Figure 1. The flowchart of ProFun-SOM.
ProFun-SOM: Protein Function Prediction for Specific Ontology based on Multiple Sequence Alignment Reconstruction
- Motivation: Protein function analysis is one of the most important problems in protein sequence analysis. Although current computational methods have facilitated the studies of protein function analysis with the help of large-scale sequenced protein data, their prediction accuracy improvement is prevented by the complexity of protein function categories. For example, the gene ontology dataset contains thousands of GO terms representing different functions. The gene ontology is divided into three ontologies: Cellular Component Ontology (CCO), Molecular Function Ontology (MFO) and Biological Process Ontology (BPO). Therefore, it is more reasonable to construct ontology-specific models to capture the different characteristics of these three ontologies.
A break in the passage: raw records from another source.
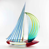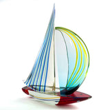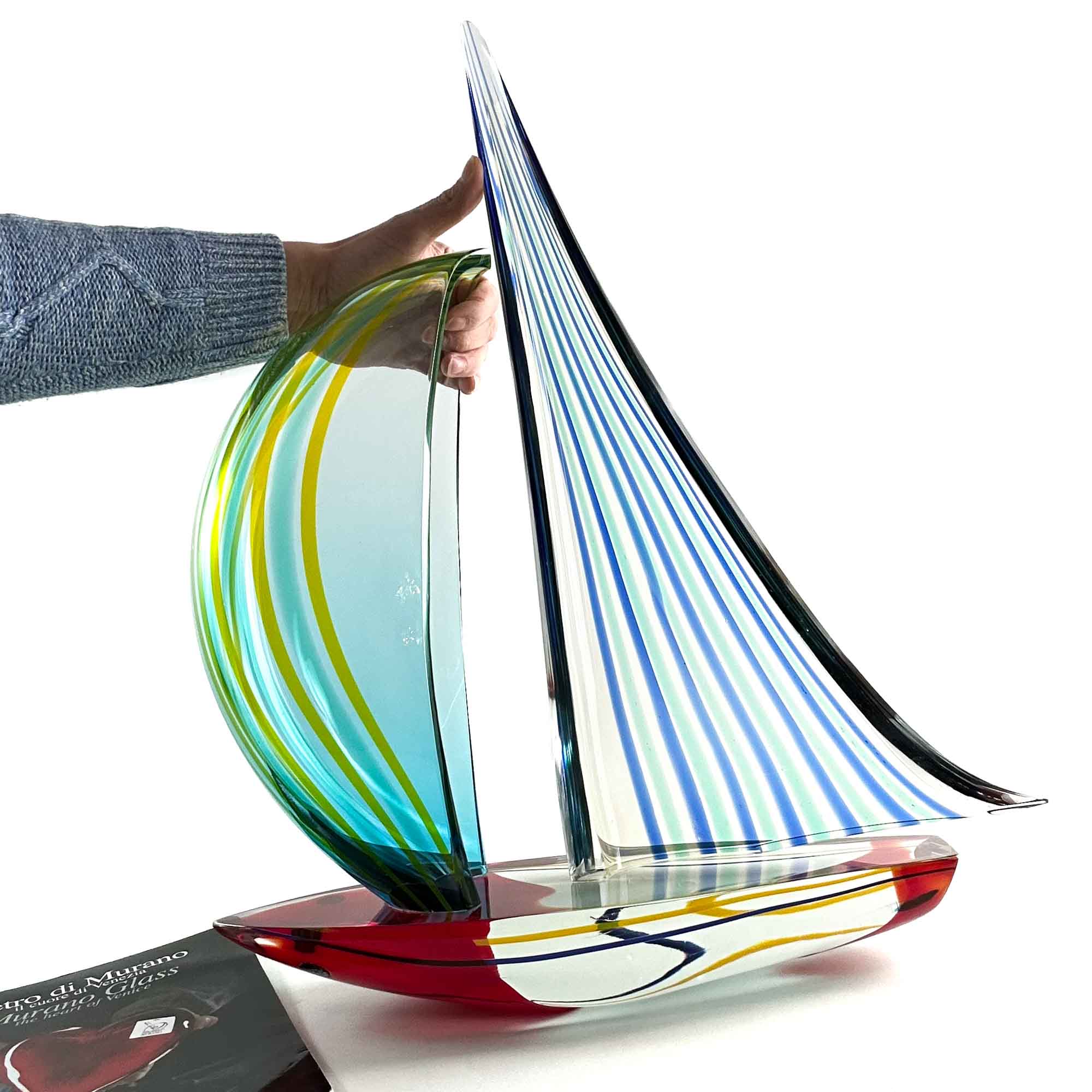 A wonderful example of Muranese art: each piece of this sailboat is handmade separately with inclusions of multicoloured canna.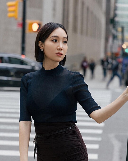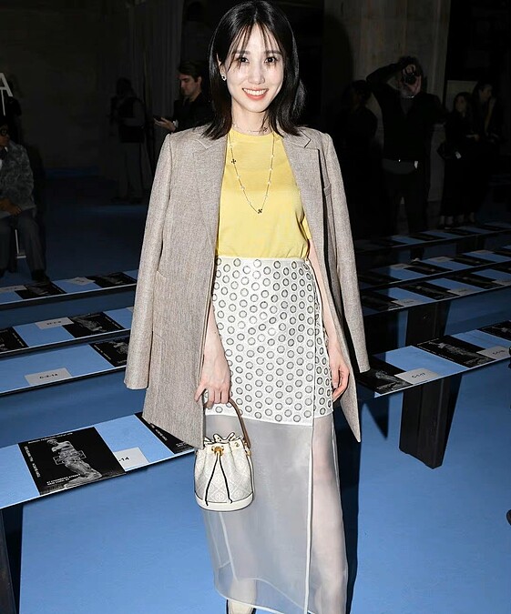 朴恩斌在秀上,則是一改在機場時後的活力感,穿上微透膚的裙裝,再披上一件長版西裝外套,展現優雅、幹練的一面,當然還略帶點小性感。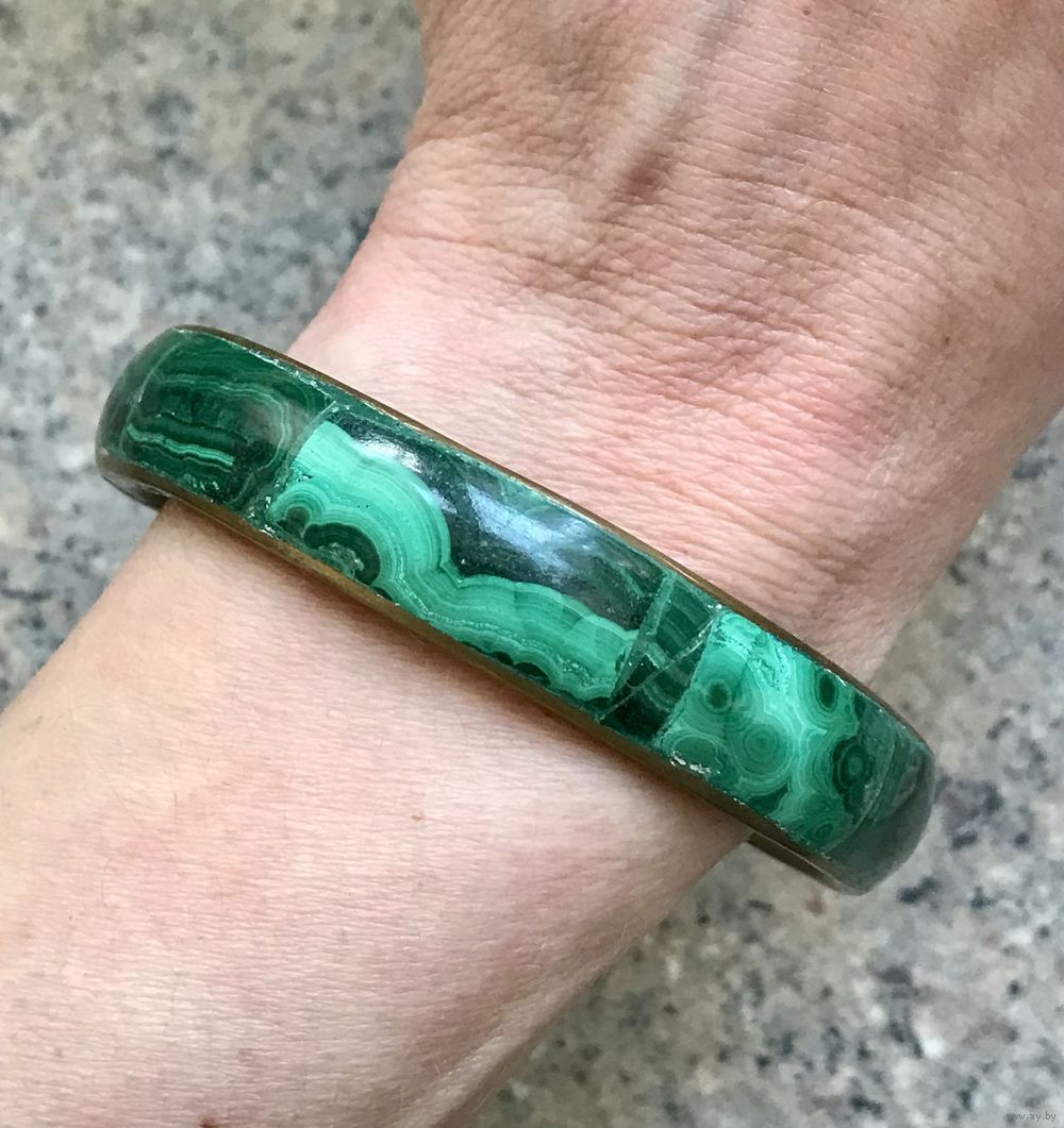 Крупный винтажный браслет с основой из латуни, лицевая сторона украшена пластинами из малахита (на камне имеются неровности естественного происхождения). Высота браслета 1,2см., вн. диаметр 6,5см. Тяжёленький.

- Results: The evolutionary information contained in multiple sequence alignments (MSAs) helps to differentiate proteins of different functions. However, the noise in MSAs (e.g., non-homology errors) easily leads to prediction bias. To make full use of the MSAs, we proposed a novel protein function predictor called ProFun-SOM with an MSA reconstructor and a functional predictor. The MSA reconstructor first denoises the MSA inputs by reconstructing them from a hidden space, followed by the functional predictor using the denoised MSAs for function prediction. To capture the biological characteristics of each ontology, we individually trained three ProFun-SOM models for CCO, MFO, and BPO. Experimental results on the CAFA3 dataset showed that ProFun-SOM obviously outperformed the other state-of-the-art methods in terms of the Fmax and AuPRC scores for both single ontology tasks and mixed ontology tasks (CCO, MFO, and BPO).